**WHAT YOU NEED TO DO:** Skipping any pictures, repeat exactly and only the lines from the one that holds "国土安全部预测,根据新规则, 最低级别(1级)的申请人都" to the last line of the material, both included.

**DATASET EXCERPT:**
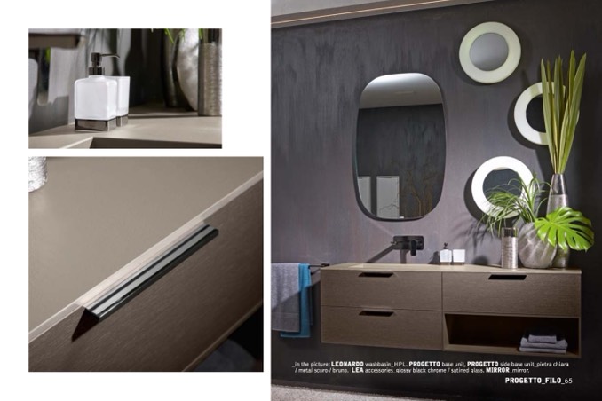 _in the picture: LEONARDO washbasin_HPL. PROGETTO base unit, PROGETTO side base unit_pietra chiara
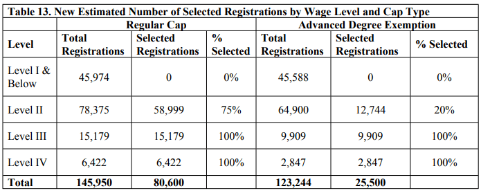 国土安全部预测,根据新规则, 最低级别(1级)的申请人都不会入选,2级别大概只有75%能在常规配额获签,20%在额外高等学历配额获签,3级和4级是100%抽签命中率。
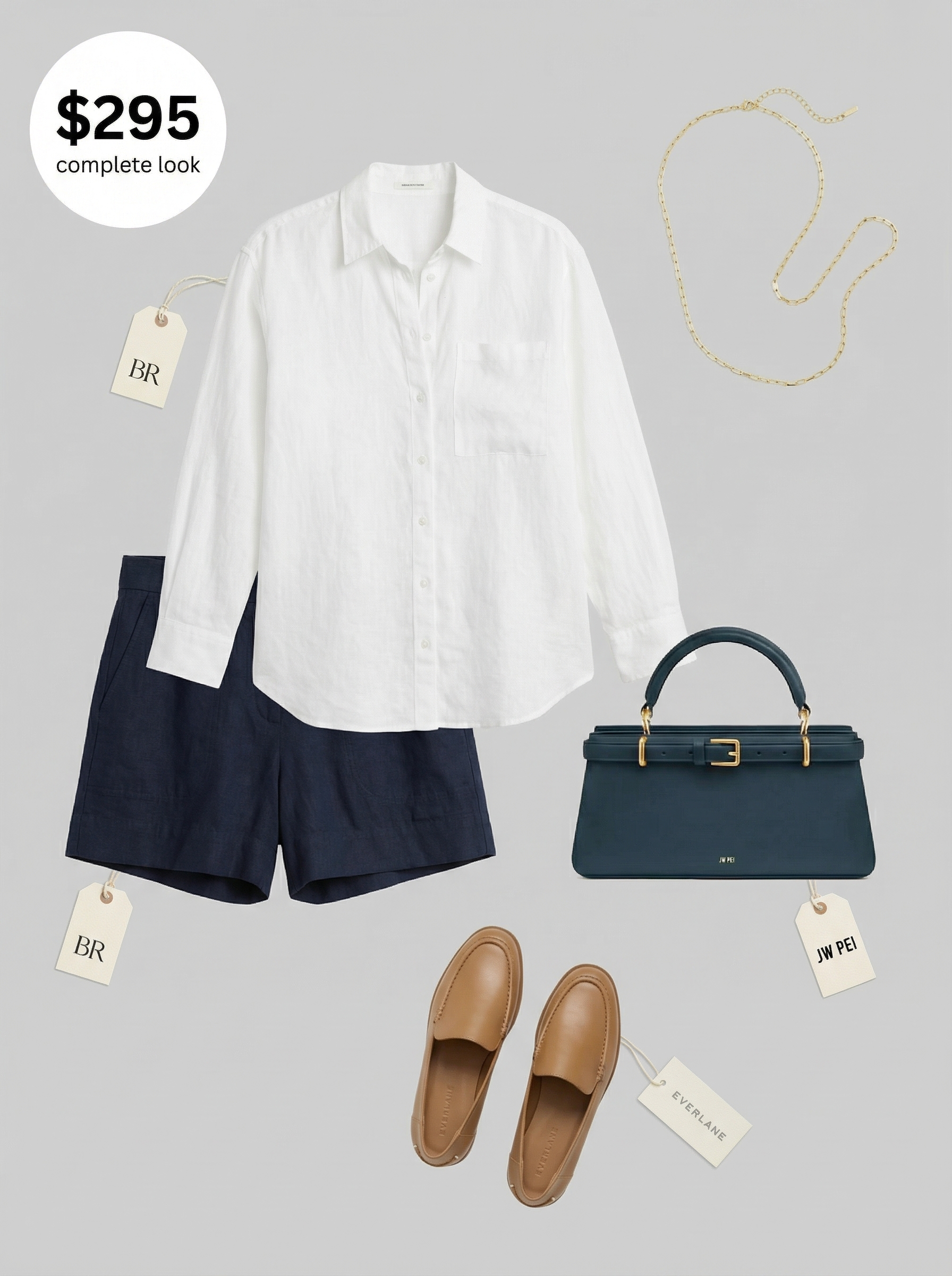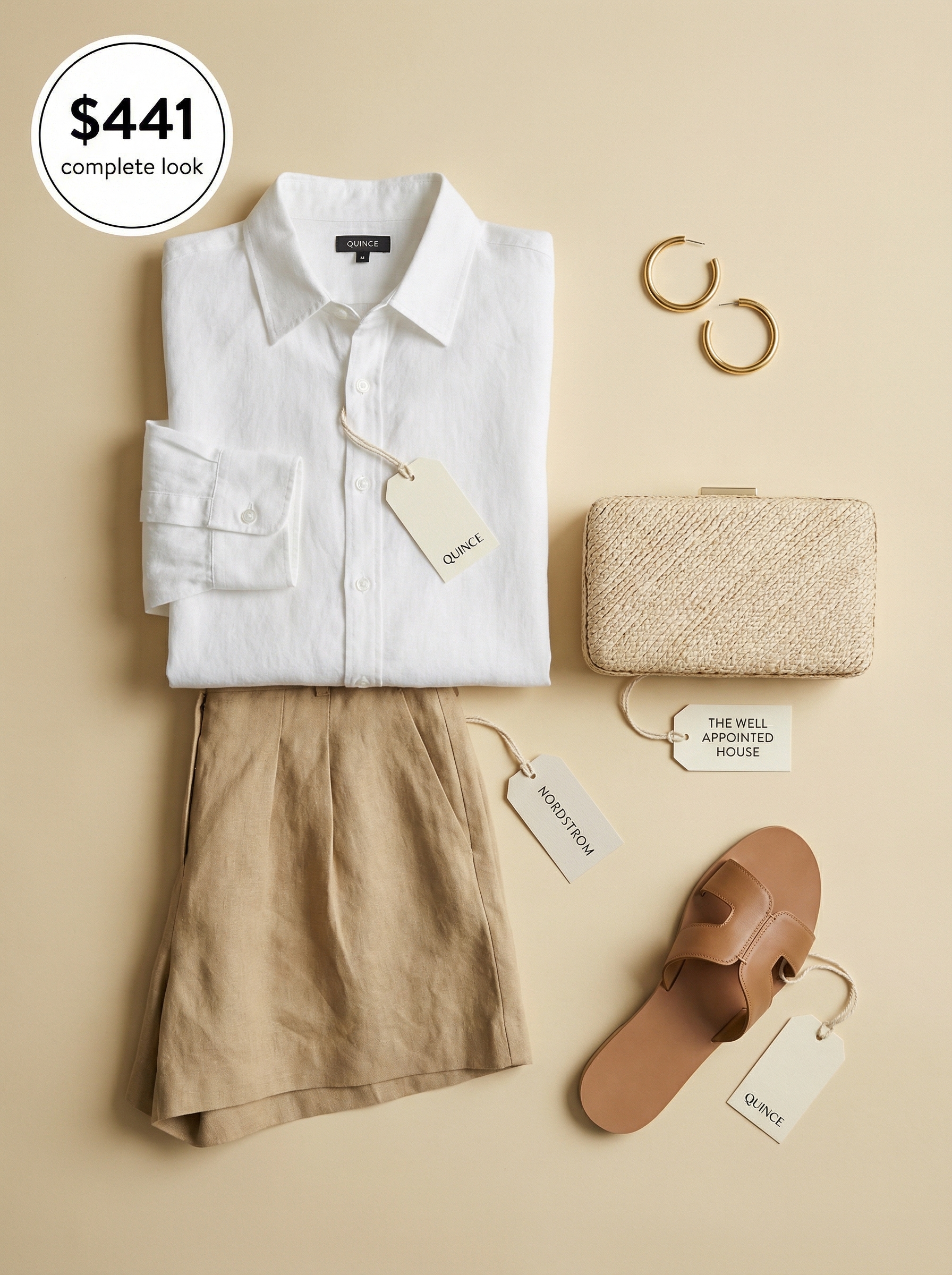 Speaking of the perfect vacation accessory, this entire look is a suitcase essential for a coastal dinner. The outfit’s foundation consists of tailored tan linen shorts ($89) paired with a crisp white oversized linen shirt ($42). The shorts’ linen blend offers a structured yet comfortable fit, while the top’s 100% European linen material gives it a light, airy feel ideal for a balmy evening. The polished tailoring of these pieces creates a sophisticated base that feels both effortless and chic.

**SOLUTION FOR THIS TASK:**
 国土安全部预测,根据新规则, 最低级别(1级)的申请人都不会入选,2级别大概只有75%能在常规配额获签,20%在额外高等学历配额获签,3级和4级是100%抽签命中率。
 Speaking of the perfect vacation accessory, this entire look is a suitcase essential for a coastal dinner. The outfit’s foundation consists of tailored tan linen shorts ($89) paired with a crisp white oversized linen shirt ($42). The shorts’ linen blend offers a structured yet comfortable fit, while the top’s 100% European linen material gives it a light, airy feel ideal for a balmy evening. The polished tailoring of these pieces creates a sophisticated base that feels both effortless and chic.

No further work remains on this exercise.